Position in the release protocol¶
| Stage | Harness | Validates |
|---|---|---|
| Unit + integration | cargo test in ai-memory-mcp |
per-module correctness |
| Ship-gate Phases 1-4 | ai-memory-ship-gate | single-node, 3-node federation, migration, chaos |
| A2A gate (this repo) | ai-memory-ai2ai-gate | A2A communication through shared memory |
A2A gate dispatches after the ship-gate returns
overall_pass: true. Both green → customer-facing claims supported.
Either red → release blocked until fixed.
Cost per run¶
~$0.20 of DigitalOcean compute for a clean ~20-minute run. 4
droplets (3 × s-2vcpu-4gb for agents + 1 × s-2vcpu-4gb for the
authoritative store). Dead-man switch caps every droplet at 8 hours.
See Security.
Current status¶
Active on release/v0.6.3 (commit 2cfcc18, shipped 2026-04-27). The
ironclaw-mtls cell hit 48/48 green on campaign run #25021409589 —
closing S18 (semantic expansion) and S39 (SSH STOP/CONT reliability)
which were the residual blockers at v3r23 / v0.6.2. Headline banner above
is regenerated from releases/v0.6.3/summary.json.

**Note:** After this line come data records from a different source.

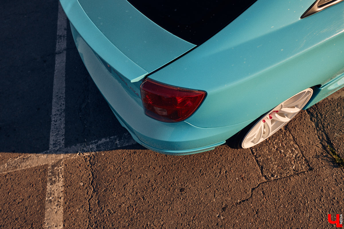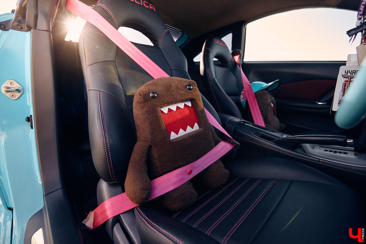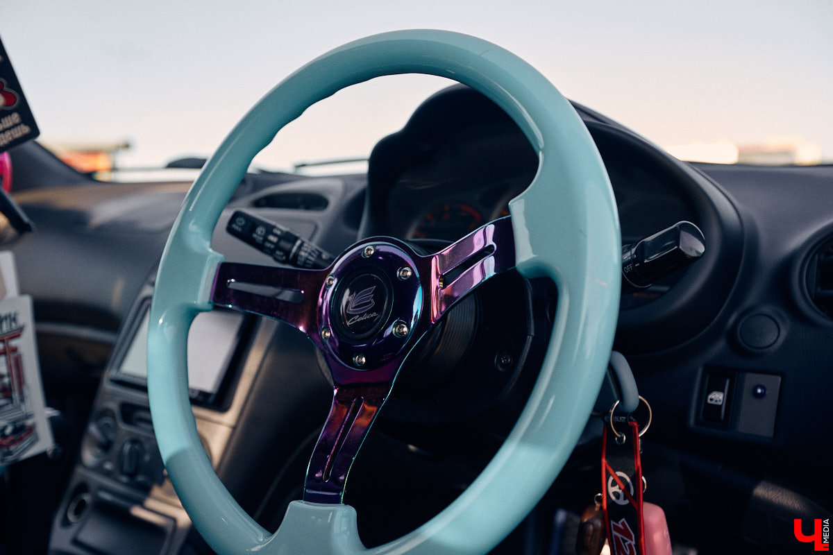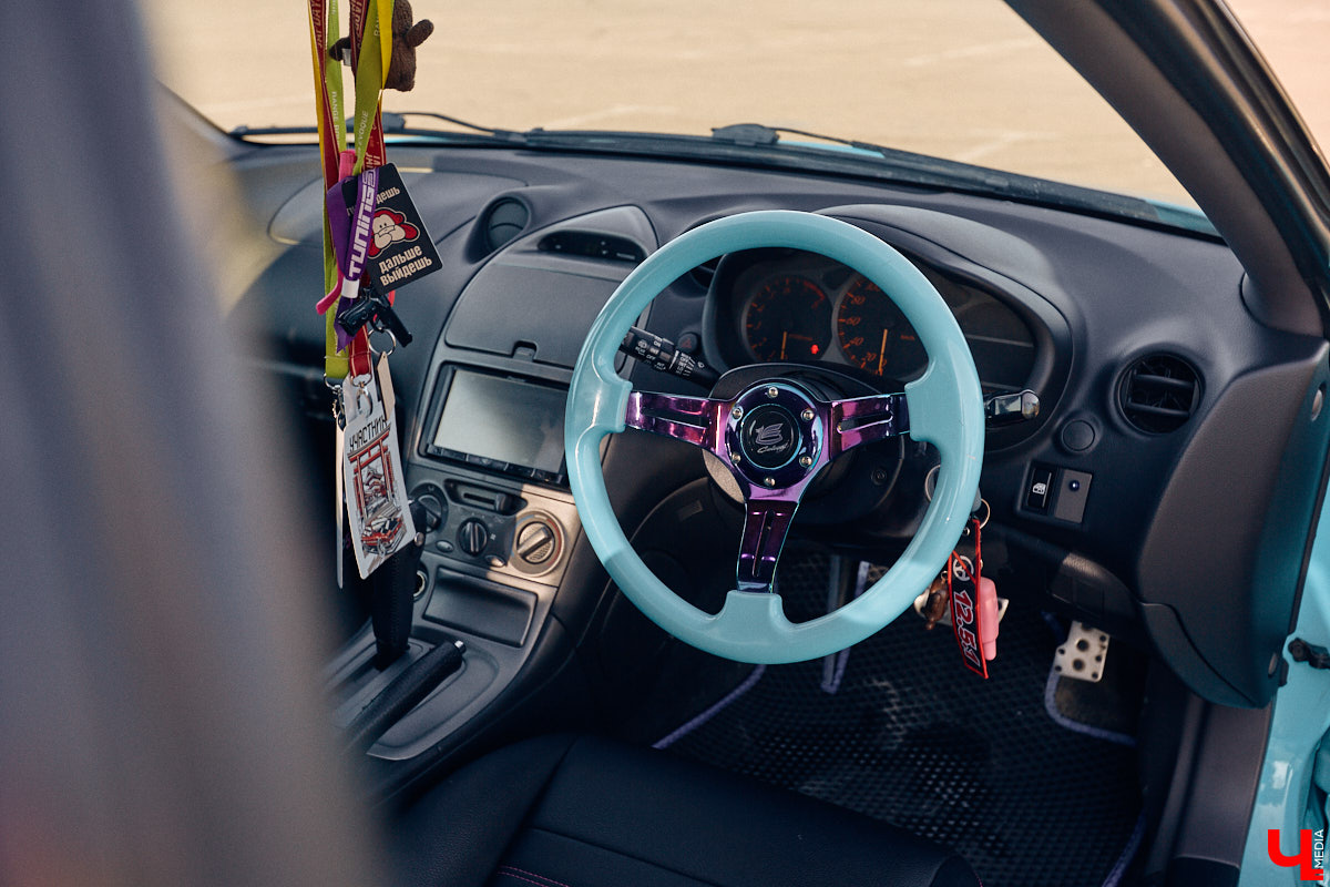 Кстати, машина вполне могла стать розовой, но Мария передумала и выбрала для нее бирюзовый оттенок, добавив нежный девчачий цвет в детали: гаечки, ремень и надписи в тон волосам хозяйки японского авто. Прежний салон, дорестайлинговый, серый и скучный, поменяла на черный, тоже, к слову, не без приключений, рассеяв темноту розовыми мелочами и ярким рулем.
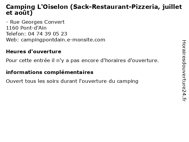 | Appeler Camping L'Oiselon (Sack-Restaurant-Pizzeria, juillet et août) | |
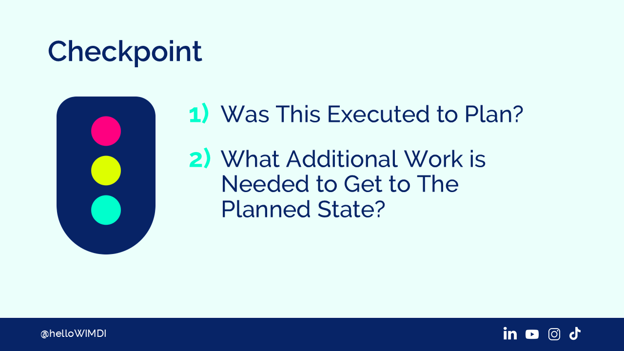 The last checkpoint that Amina and the team will need to know, has execution been carried out the way it was planned? What, if any, additional work or adjustments needed to be put in place, so they could get to the original desired plan.
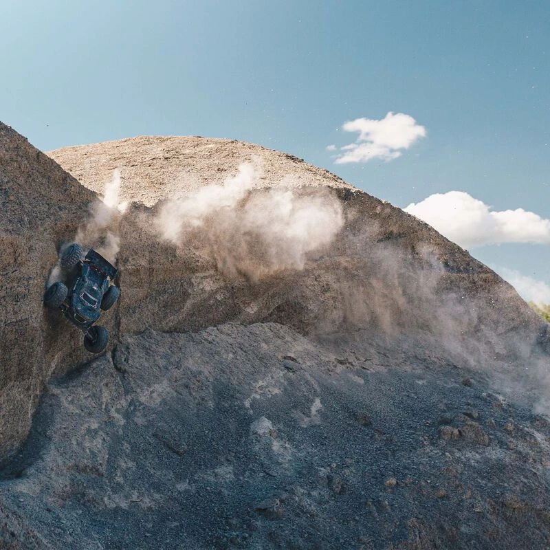 Rugged chassis components, including all-metal diff outdrives and gearbox internals, a heavy-duty drivetrain, strong composite chassis side pods, durable steel driveshafts, and more contribute to unstoppable bashing performance. The EXB front bumper and skid plate let you fearlessly tackle almost anything that stands in your way.
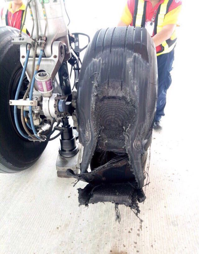 Theo ghi nhận, chiếc lốp bị sự cố nằm ở càng sau của máy bay. Vỏ lốp bị vỡ rách và biến dạng. Trên mặt lốp có vết mòn sâu do lực tác động mạnh.

Matrix (2 frameworks × 3 transport modes, updated per campaign):
| off | tls | mtls | |
|---|---|---|---|
| ironclaw | tracked under runs/ |
tracked under runs/ |
48 / 48 (v0.6.3) — CERT |
| hermes | tracked under runs/ |
tracked under runs/ |
tracked under runs/ |
| mixed | ⏸ topology | ⏸ topology | ⏸ topology |
Every campaign run — green, red, cancelled — is archived under runs/. The live README tracks the latest dispatch and any in-flight campaigns.
Release history¶
Every released vX.Y.Z ships a releases/<version>/summary.json artifact
that this page reads at build time. The highest-semver entry is the headline
banner at the top; the table below lists every published release in
reverse-chronological order.
| Version | Date | Verdict | Pass / Fail | Wall | Evidence |
|---|---|---|---|---|---|
| v0.6.3 | 2026-04-27 | PASS | 48 / 0 | 28m | evidence |
The schema for summary.json lives in
releases/schema.json.
Pushing a v* tag without a matching releases/<tag>/summary.json fails the
release-blocking release-summary-gate
workflow before any artifact is published.